What you will do —
All lines from the opening of the material up to and including the line with "11月15日下午,克拉克大学" should be transcribed exactly, pictures excepted.

########################################

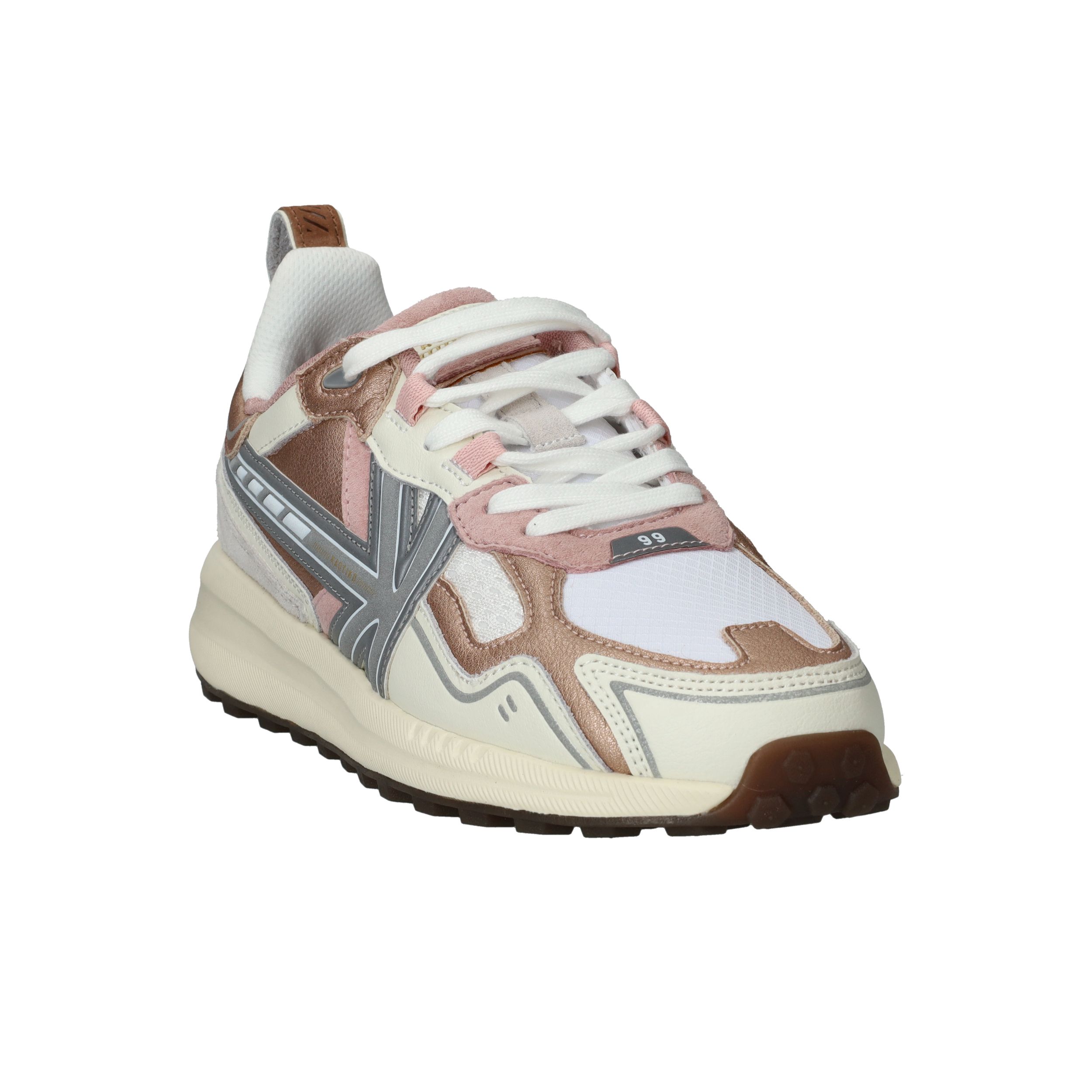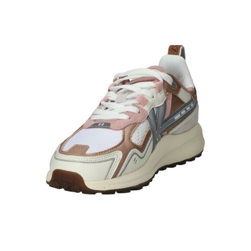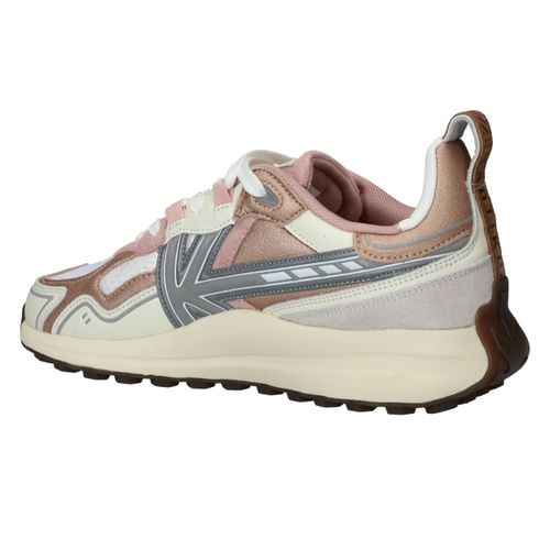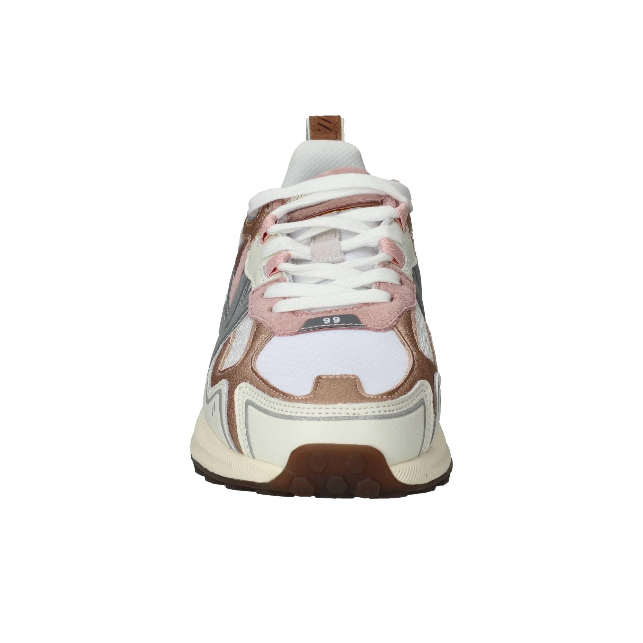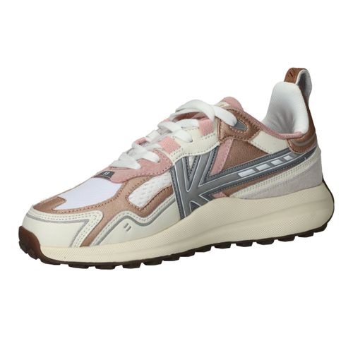 Hippe Kaotiko Detroit Tach sneaker in wit, roze, brons en grijze tinten. De damessneaker is afgewerkt met vrolijke details.
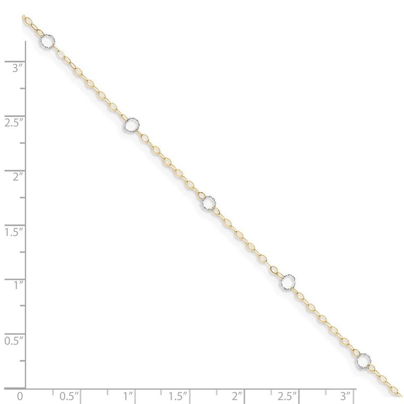 Solid 14k Yellow and White Gold Two Tone Adjustable Circle Anklet 9"
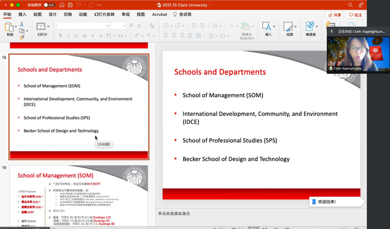 11月15日下午,克拉克大学研招办中国招生专员黄家芃应邀与AG真人官网教师进行线上座谈,并为AG真人官网学子举办克拉克大学硕士项目宣讲会。
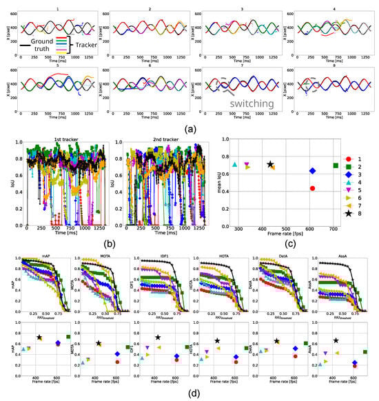 In the eighth row of Figure 13a, the introduction of update skipping successfully prevented a tracker ID switch around ms, an issue unresolved in Method 7. Furthermore, consistent color plots in Figure 13a, stable IoU values exceeding 0.6 in Figure 13b, and the highest scores in each metric by shown in Figure 13b indicate that both balls were reliably tracked in terms of detection and association. Although the tracker occasionally deviated from the ground truth around t = 900 ms, as shown in Figure 13a, due to update skipping, it successfully recovered to the correct position through deep learning-based updates. As shown in Table 9, Method 8 (our proposed method) achieved the best overall performance, with a MOTA of 0.611, IDF1 of 0.719, and HOTA of 0.656.
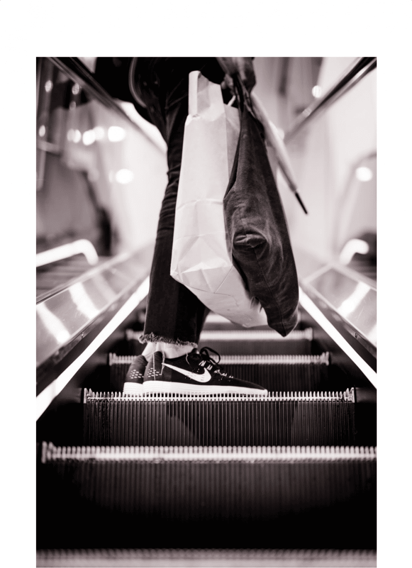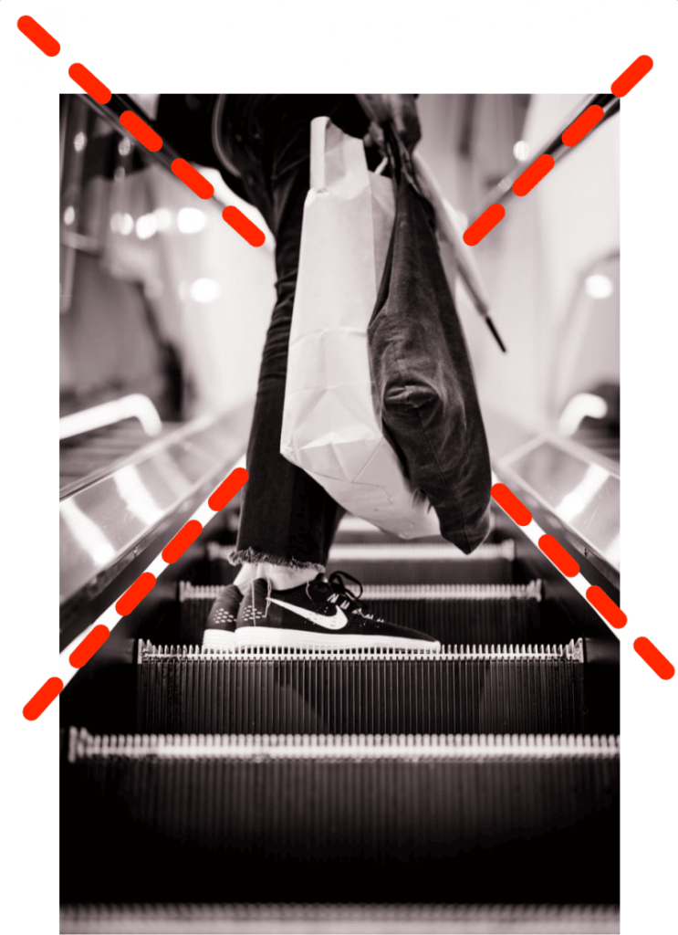 En synlig linje kan fx være en horisont, en vej, et bjerg eller som her en rulletrappe:

########################################

Solution to this task —
 Hippe Kaotiko Detroit Tach sneaker in wit, roze, brons en grijze tinten. De damessneaker is afgewerkt met vrolijke details.
 Solid 14k Yellow and White Gold Two Tone Adjustable Circle Anklet 9"
 11月15日下午,克拉克大学研招办中国招生专员黄家芃应邀与AG真人官网教师进行线上座谈,并为AG真人官网学子举办克拉克大学硕士项目宣讲会。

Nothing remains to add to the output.